Sin, however, needs to be exposed in order to be defeated. John 3:20 offers Jesus' teaching that the person who does wicked things does not want to come into the light and be exposed. Darkness and evil share a close association in Scripture, as do light and goodness. Believers are to walk in the light (1 John 1:7). In the Lord there is no darkness (1 John 1:5).
Verse Context:
Ephesians 5:1–21 continues Paul's invaluable instructions on how Christians should live out their faith. Rather than imitating the world, or being controlled by worldly things, Christians are to be filled with the Spirit. Specific flaws such as sexual immorality, crude speech, and wasting of time are discouraged. Instead, believers ought to submit to one another out of respect for Christ, providing a powerful witness to the world.
Chapter Summary:
Chapter 5 begins with an admonition to imitate Christ.

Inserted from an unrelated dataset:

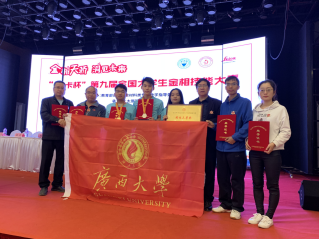 2020年10月10日至14日,由教育部高等学校材料类专业教学指导委员会主办的第九届全国大学生金相技能大赛复(决)赛在山西太原举行。我院冯品铭、陶祖珊和蒙丽华三名同学参赛,其中冯品铭获一等奖,陶祖珊获二等奖,蒙丽华获三等奖。此外,我院师生组成的广西大学代表队还荣获了团体三等奖,梁洁、梁天权、何欢三名老师获优秀指导教师奖。

In order to do so, Christians must avoid sexual immorality, vulgar language, foolishness, and other inappropriate attitudes. Paul warns that those who persist in these behaviors are not part of the kingdom of God. The passage then transitions to an explanation of mutual submission, including that between husbands and wives. Wives are to submit to their husbands, and respect them. Husbands are to love their wives in a Christ-like, sacrificial, and humble way.
Chapter Context:
Chapter 5 continues the very practical second half of the book of Ephesians. Chapter 4 encouraged Christians not to live as unbelievers do, but worthy of the gift we have been given. Chapter 5 gives even more direct application of these principles. Paul details impure attitudes and habits which Christians ought to put aside. He then details the proper approach to marriage, rooted in a Christian understanding of the gospel. This style of advice will continue through chapter 6. Paul's advice will culminate in a famous analogy about applying Christian principles to all of life, using the symbolism of a suit of armor.
Book Summary:
Ephesians follows a theme common in Paul's writings: connecting theory with practice. In this book, however, he goes into greater depth before making the transition. As a letter meant to be read by more than just the believers at Ephesus, this is an important look at how Christian belief should translate into Christian action. The first three chapters lay out spiritual ideas, the last three chapters show how these truths should be applied in the life of a mature believer. Paul focuses heavily on love, the unity of the Christian church, and the incredible value of our salvation through Christ.